Pulmonary atresia (PA) is a complicated congenital (present at birth) heart defect. It occurs due to abnormal development of the fetal heart in the first trimester of pregnancy.
The pulmonary valve is between the right ventricle (RV) and the pulmonary artery. It is formed by three leaflets that function like a one-way door. This allows oxygen-depleted blood that has returned from the body to the right side of the heart to flow from the right pumping chamber (RV) out to the lungs to pick up oxygen. This valve closes as the RV relaxes. This way the blood does not go backwards into the right ventricle.
With pulmonary atresia, problems with valve development prevent the leaflets from opening. This can either be a problem with how the valve itself has formed (membranous pulmonary atresia) or there may be thick muscle under the valve area with no clear leaflets (muscular pulmonary atresia). That means blood cannot flow forward from the right ventricle to the lungs. Before birth, while the fetus is developing, they are safe while the placenta provides oxygen for the baby. The lungs are not being used to oxygenate the blood.
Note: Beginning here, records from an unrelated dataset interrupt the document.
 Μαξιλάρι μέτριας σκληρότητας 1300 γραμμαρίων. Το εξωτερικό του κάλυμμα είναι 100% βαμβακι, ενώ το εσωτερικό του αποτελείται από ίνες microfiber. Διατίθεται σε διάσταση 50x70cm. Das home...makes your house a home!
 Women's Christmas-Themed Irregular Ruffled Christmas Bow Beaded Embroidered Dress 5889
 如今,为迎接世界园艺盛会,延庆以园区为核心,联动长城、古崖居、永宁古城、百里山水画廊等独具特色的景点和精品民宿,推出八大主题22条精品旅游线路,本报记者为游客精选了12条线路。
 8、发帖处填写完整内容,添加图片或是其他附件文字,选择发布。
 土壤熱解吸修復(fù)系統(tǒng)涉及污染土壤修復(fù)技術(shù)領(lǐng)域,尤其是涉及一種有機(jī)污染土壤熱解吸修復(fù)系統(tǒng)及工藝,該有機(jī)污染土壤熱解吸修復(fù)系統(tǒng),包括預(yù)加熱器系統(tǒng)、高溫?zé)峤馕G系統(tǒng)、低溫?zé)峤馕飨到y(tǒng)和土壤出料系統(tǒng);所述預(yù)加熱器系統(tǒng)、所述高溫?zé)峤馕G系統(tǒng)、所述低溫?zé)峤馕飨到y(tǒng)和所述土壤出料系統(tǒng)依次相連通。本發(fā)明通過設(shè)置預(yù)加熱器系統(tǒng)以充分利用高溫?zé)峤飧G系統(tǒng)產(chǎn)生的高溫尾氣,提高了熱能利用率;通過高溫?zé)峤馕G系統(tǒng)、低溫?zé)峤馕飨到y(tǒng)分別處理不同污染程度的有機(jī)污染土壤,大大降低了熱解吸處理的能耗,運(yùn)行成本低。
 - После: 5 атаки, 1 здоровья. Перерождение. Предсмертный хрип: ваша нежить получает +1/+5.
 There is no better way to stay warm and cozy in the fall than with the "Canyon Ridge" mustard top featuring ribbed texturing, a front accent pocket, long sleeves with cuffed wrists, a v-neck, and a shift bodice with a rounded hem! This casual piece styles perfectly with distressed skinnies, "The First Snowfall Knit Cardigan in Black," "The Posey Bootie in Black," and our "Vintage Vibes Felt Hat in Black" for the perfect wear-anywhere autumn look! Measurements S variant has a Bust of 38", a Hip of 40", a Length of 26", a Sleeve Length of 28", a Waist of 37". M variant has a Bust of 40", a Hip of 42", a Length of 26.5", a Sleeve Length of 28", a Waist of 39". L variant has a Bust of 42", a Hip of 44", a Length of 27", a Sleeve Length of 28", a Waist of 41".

Blood entering the right side of the fetal heart goes through an opening between the collecting chambers (atrium) called the foramen ovale. This allows oxygen-rich (red) blood from the placenta to go through to the left side of the heart. It then goes to the body.
In some cases, there may be a second opening. The opening may be in the ventricular wall (between the right and left pumping chambers). This allows blood in the right ventricle a way out. This opening is called a ventricular septal defect (VSD). If there is no VSD (also called intact ventricular septum), the right ventricle gets little blood flow before birth. It does not develop fully and can be much smaller than normal.
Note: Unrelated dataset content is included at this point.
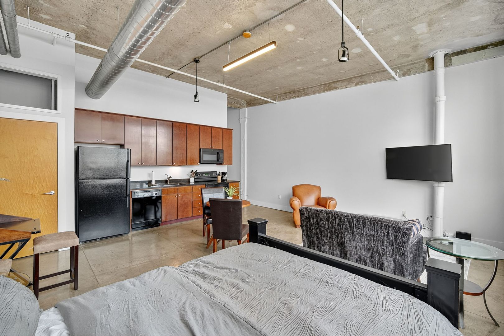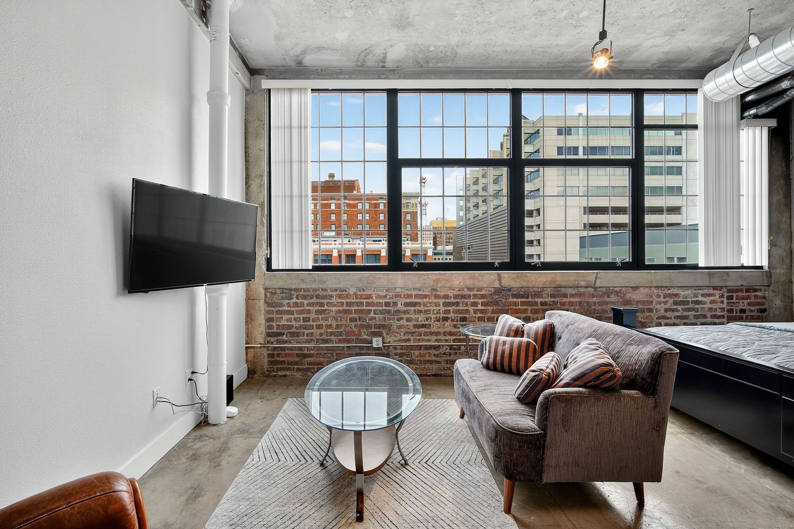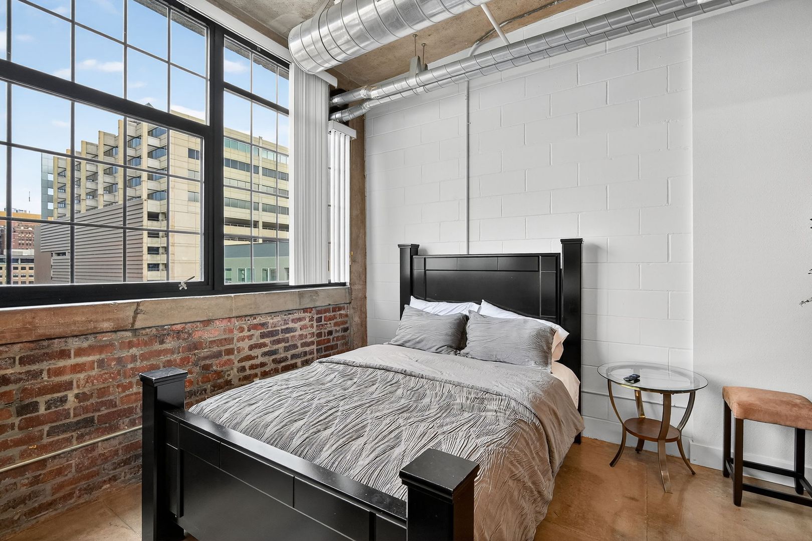 Beautiful furnished studio apartment with exposed brick, high ceilings and tons of natural daylight!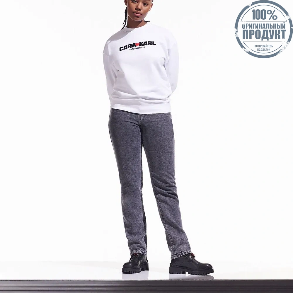 This relaxed, organic-cotton sweatshirt is crafted in a gender-neutral silhouette and features standout CARA LOVES KARL artwork at the chest. Pair yours with the CARA LOVES KARL wide-leg trousers for laidback tailoring or with the collection’s classic denim pieces for casual-cool styling. This graphic sweat belongs to a collection of gender and size-inclusive styles designed exclusively in collaboration with model, actor, activist and much-loved friend of Karl Lagerfeld, Cara Delevingne.

At birth, when the baby is separated from the placenta, the lungs open on the first breath. They must do the work of oxygenating the baby’s blood. With no pulmonary valve opening present, blood needs another way to reach the lungs and get oxygen.
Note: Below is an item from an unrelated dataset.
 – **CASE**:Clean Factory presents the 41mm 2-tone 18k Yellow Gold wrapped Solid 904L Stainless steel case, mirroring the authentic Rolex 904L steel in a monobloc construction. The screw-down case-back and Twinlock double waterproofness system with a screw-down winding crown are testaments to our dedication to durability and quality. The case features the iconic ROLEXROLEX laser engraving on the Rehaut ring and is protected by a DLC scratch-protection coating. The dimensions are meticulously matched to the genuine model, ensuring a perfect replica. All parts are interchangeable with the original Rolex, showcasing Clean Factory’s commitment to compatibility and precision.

The foramen ovale normally closes in the first few months of life, but often stays open in this situation. It allows oxygen-poor (blue) blood to go from the right atrium to the left atrium. From there, it goes to the left ventricle, out the aorta, to the body. This situation cannot support life long-term. Oxygen-poor (blue) blood cannot meet the body's demands. Fetuses and newborns also have a connection between the aorta and the pulmonary artery. This is called the ductus arteriosus. It allows some blood to pass into the lungs in order to pick up more oxygen. Unfortunately, this ductus arteriosus normally closes within a few hours or days after birth once the baby starts breathing on their own. As the ductus arteriosus closes, oxygen levels will decrease if the child is not treated with life-saving medicine, called prostaglandins, to keep it open.
Because of the low amount of oxygen given to the body, pulmonary atresia is one of the heart problems that is labeled "blue-baby syndrome." Pulmonary atresia occurs in about one out of every 10,000 live births.
Causes of Pulmonary Atresia
The problem occurs as the heart is forming during the first eight weeks of fetal development.
Some congenital heart defects may have a genetic link. This may be due to a defect in a gene, a chromosome abnormality or environmental exposure. This may cause heart problems to occur more often in certain families. Most of the time, this heart defect occurs by chance with no clear reason for its development.
Signs and Symptoms of Pulmonary Atresia
Cyanosis (blue color) due to low oxygen levels is often present right after birth. Depending on other structural differences in the heart, it could range from mild to severe. The degree of cyanosis is related to the presence of other defects that allow blood to mix. This includes a patent (open) ductus arteriosus as described above. As the ductus closes the cyanosis will increase.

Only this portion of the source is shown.